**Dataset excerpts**
━━━━━━
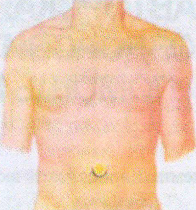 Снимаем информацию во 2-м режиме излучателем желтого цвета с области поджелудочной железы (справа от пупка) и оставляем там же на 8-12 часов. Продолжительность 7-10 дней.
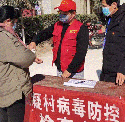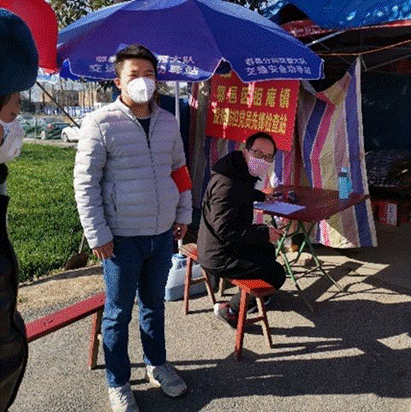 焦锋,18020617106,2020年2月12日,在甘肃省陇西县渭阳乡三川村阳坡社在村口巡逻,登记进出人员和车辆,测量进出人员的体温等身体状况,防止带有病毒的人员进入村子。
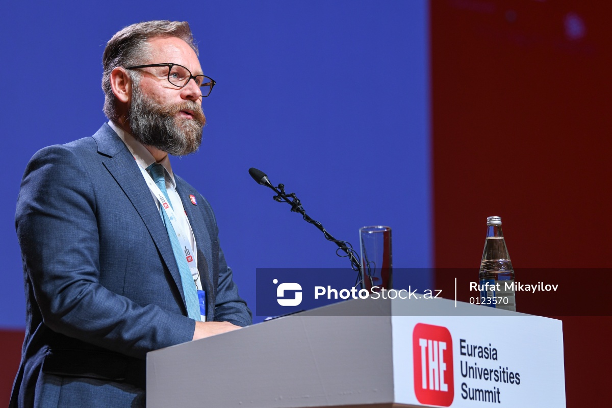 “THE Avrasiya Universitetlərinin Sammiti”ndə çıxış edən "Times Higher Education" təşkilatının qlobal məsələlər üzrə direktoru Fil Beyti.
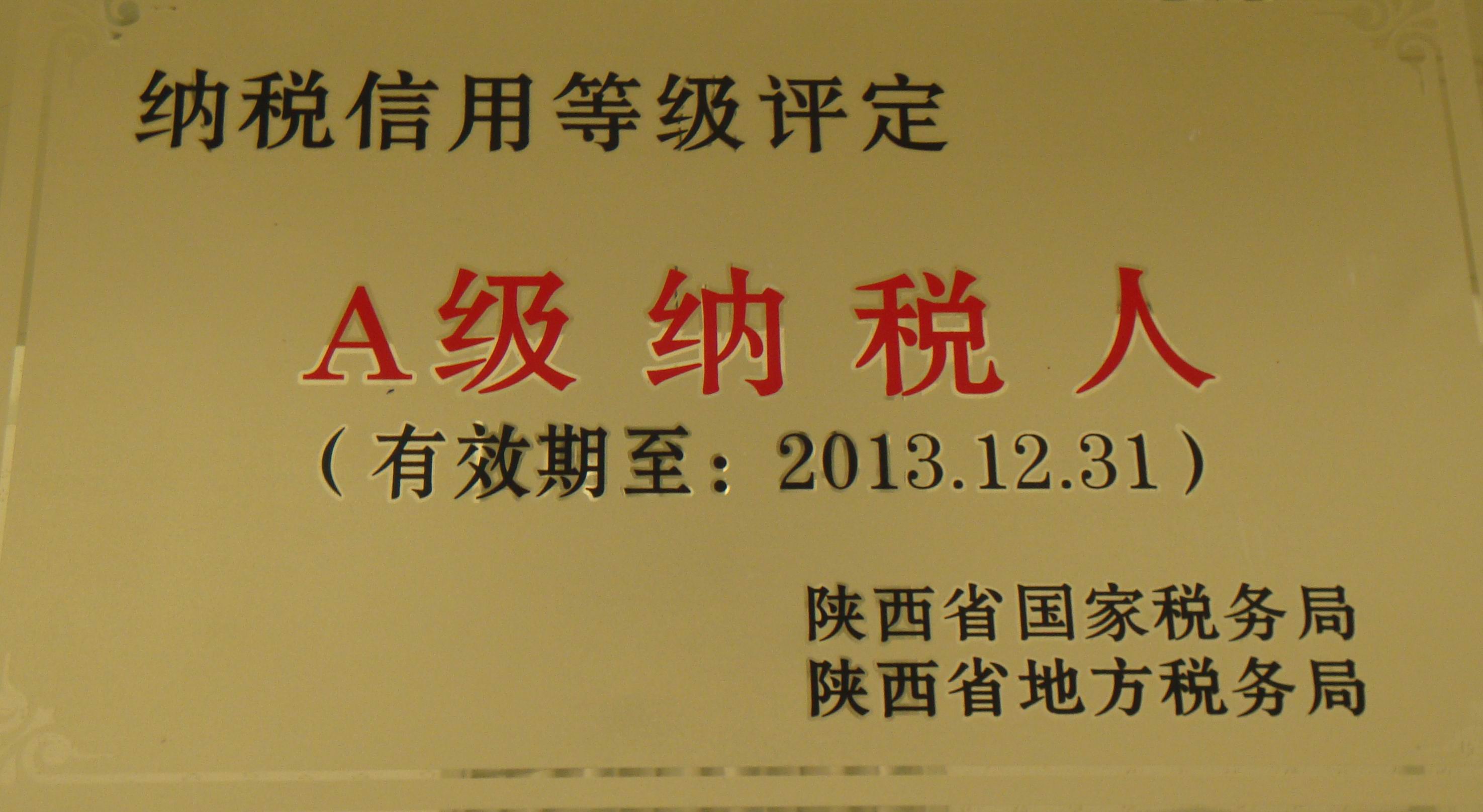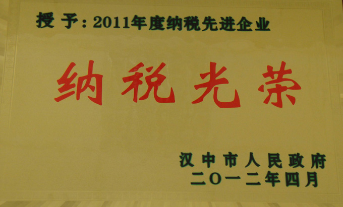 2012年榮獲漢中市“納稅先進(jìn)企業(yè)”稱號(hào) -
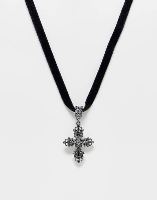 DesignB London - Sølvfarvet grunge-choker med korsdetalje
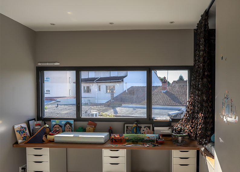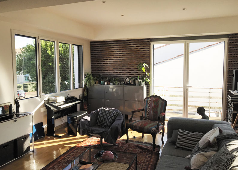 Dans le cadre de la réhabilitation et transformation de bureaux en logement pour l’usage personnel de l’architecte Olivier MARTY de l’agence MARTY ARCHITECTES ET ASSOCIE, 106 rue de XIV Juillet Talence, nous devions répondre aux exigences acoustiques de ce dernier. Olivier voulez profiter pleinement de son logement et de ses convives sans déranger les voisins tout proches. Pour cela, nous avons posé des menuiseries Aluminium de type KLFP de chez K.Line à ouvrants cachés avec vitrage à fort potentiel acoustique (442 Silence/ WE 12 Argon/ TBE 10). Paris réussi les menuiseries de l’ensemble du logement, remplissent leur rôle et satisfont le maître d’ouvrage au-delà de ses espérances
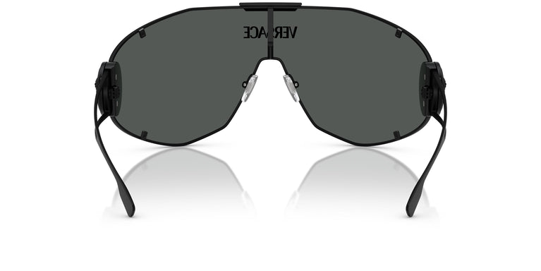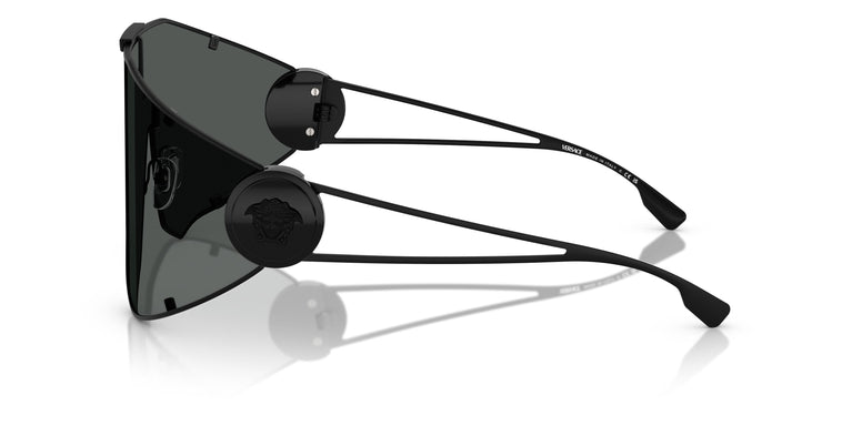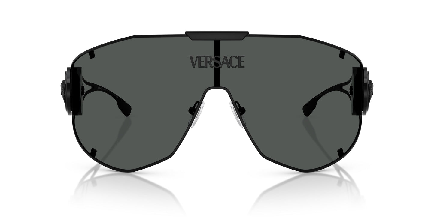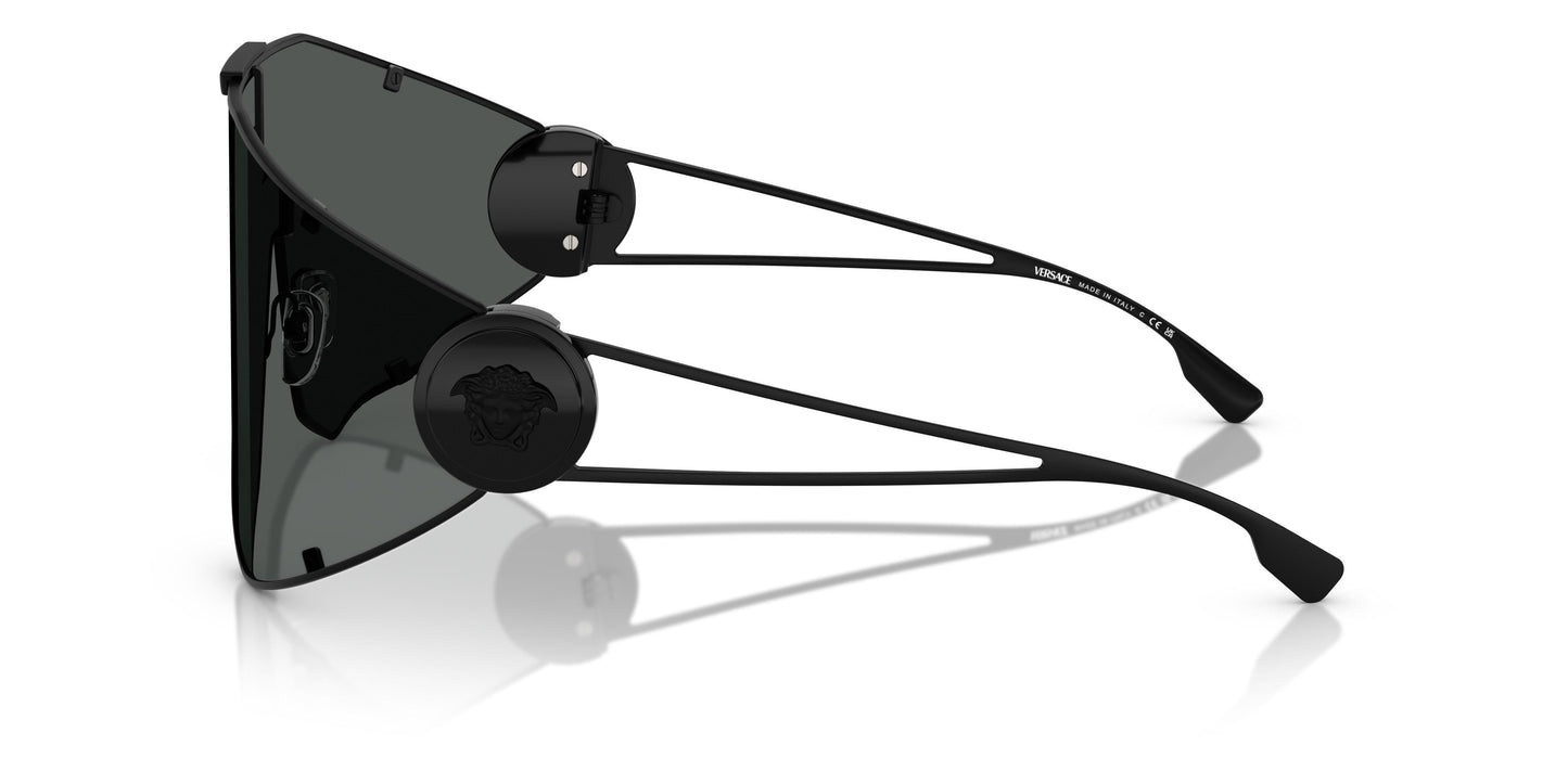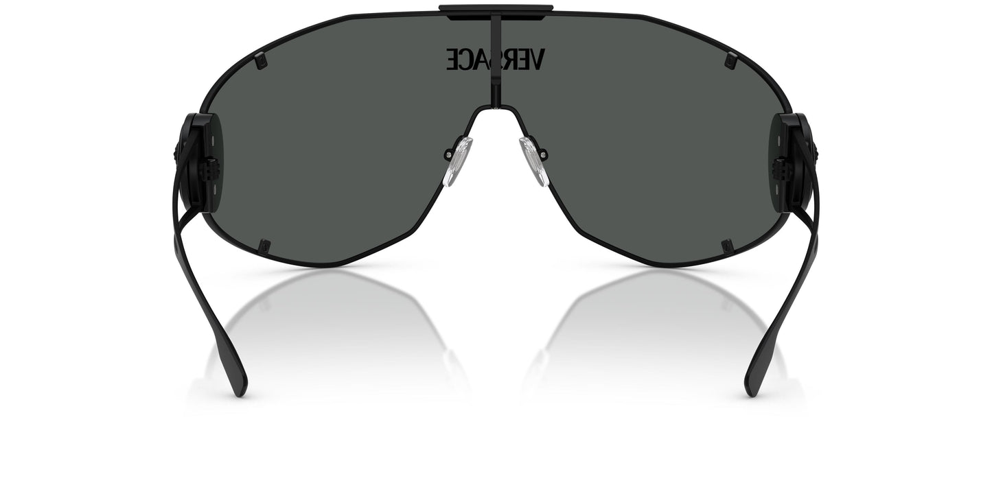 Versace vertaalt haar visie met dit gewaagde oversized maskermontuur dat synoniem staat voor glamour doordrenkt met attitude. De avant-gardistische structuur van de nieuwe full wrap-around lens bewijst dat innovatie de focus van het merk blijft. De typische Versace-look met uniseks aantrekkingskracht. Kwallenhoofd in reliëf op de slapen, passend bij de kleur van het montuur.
━━━━━━
**WORK TASK**
Output all the records above again exactly, with the pictures dropped.

**SOLUTION FOR THIS PROBLEM**
 Снимаем информацию во 2-м режиме излучателем желтого цвета с области поджелудочной железы (справа от пупка) и оставляем там же на 8-12 часов. Продолжительность 7-10 дней.
 焦锋,18020617106,2020年2月12日,在甘肃省陇西县渭阳乡三川村阳坡社在村口巡逻,登记进出人员和车辆,测量进出人员的体温等身体状况,防止带有病毒的人员进入村子。
 “THE Avrasiya Universitetlərinin Sammiti”ndə çıxış edən "Times Higher Education" təşkilatının qlobal məsələlər üzrə direktoru Fil Beyti.
 2012年榮獲漢中市“納稅先進(jìn)企業(yè)”稱號(hào) -
 DesignB London - Sølvfarvet grunge-choker med korsdetalje
 Dans le cadre de la réhabilitation et transformation de bureaux en logement pour l’usage personnel de l’architecte Olivier MARTY de l’agence MARTY ARCHITECTES ET ASSOCIE, 106 rue de XIV Juillet Talence, nous devions répondre aux exigences acoustiques de ce dernier. Olivier voulez profiter pleinement de son logement et de ses convives sans déranger les voisins tout proches. Pour cela, nous avons posé des menuiseries Aluminium de type KLFP de chez K.Line à ouvrants cachés avec vitrage à fort potentiel acoustique (442 Silence/ WE 12 Argon/ TBE 10). Paris réussi les menuiseries de l’ensemble du logement, remplissent leur rôle et satisfont le maître d’ouvrage au-delà de ses espérances
 Versace vertaalt haar visie met dit gewaagde oversized maskermontuur dat synoniem staat voor glamour doordrenkt met attitude. De avant-gardistische structuur van de nieuwe full wrap-around lens bewijst dat innovatie de focus van het merk blijft. De typische Versace-look met uniseks aantrekkingskracht. Kwallenhoofd in reliëf op de slapen, passend bij de kleur van het montuur.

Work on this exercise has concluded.